Hey - I've found 2 issues, and left some high level feedback:
- In
_get_tables_from_meta, the list comprehension[meta.name for meta in meta]both shadows themetaargument and passes table names from all databases toget_table_create_statements; this will cause incorrect fallback behavior for non‑tar layouts (wrong db_name used) and is confusing, so it should be refactored to use a distinct variable and only pass names for the currentdatabase. - The new tarball APIs (
upload_database_create_statements,upload_create_statements,get_*_create_statements) rely on raw names as tar member paths; if there is any possibility of clashes or names needing escaping (e.g., special characters or case sensitivity), consider reusing the existingescape_metadata_file_name/quoting logic for tar entry names to keep behavior consistent with the old per‑file layout.
Prompt for AI Agents
Please address the comments from this code review:
## Overall Comments
- In `_get_tables_from_meta`, the list comprehension `[meta.name for meta in meta]` both shadows the `meta` argument and passes table names from *all* databases to `get_table_create_statements`; this will cause incorrect fallback behavior for non‑tar layouts (wrong db_name used) and is confusing, so it should be refactored to use a distinct variable and only pass names for the current `database`.

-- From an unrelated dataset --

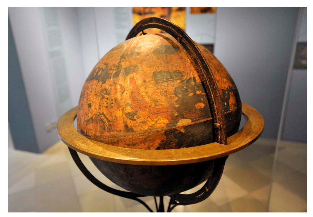
Figure 1. Behaim globe in the exhibition of the Germanic National Museum, Nuremberg.

With a diameter of 50 cm the globe is rather large, exhibiting an image of the earth at the turn to the modern age, which is primarily affected by Ptolemaic cartography (Fig. 1), but it also carries iconographic elements of portulans (sea charts) and of medieval universal cartography. First of all, the globe was put on display at a prominent place in the Nuremberg city hall and it got a new metal stand with an engraved horizon in 1510. In 1493, Martin Behaim returned to Portugal and he died in Lissabon in 1507. Whereas the final financial account on the globe of 1494 indicates clearly which craftsmen were involved in its making (Petz 1886), the Behaim globe must be regarded as a joint achievement of the Nuremberg humanist circle. It is an early masterpiece of many kinds of scientific and technological achievements, establishing the intellectual and economic leadership of Nuremberg in late medieval Germany.

- The new tarball APIs (`upload_database_create_statements`, `upload_create_statements`, `get_*_create_statements`) rely on raw names as tar member paths; if there is any possibility of clashes or names needing escaping (e.g., special characters or case sensitivity), consider reusing the existing `escape_metadata_file_name`/quoting logic for tar entry names to keep behavior consistent with the old per‑file layout.
## Individual Comments
### Comment 1
<location path="ch_backup/logic/table.py" line_range="369-373" />
<code_context>
logging.debug("Retrieving tables from tables metadata")
- tables_to_preprocess: List[Table] = list(
- map(lambda meta: self._get_table_from_meta(context, meta), tables_meta)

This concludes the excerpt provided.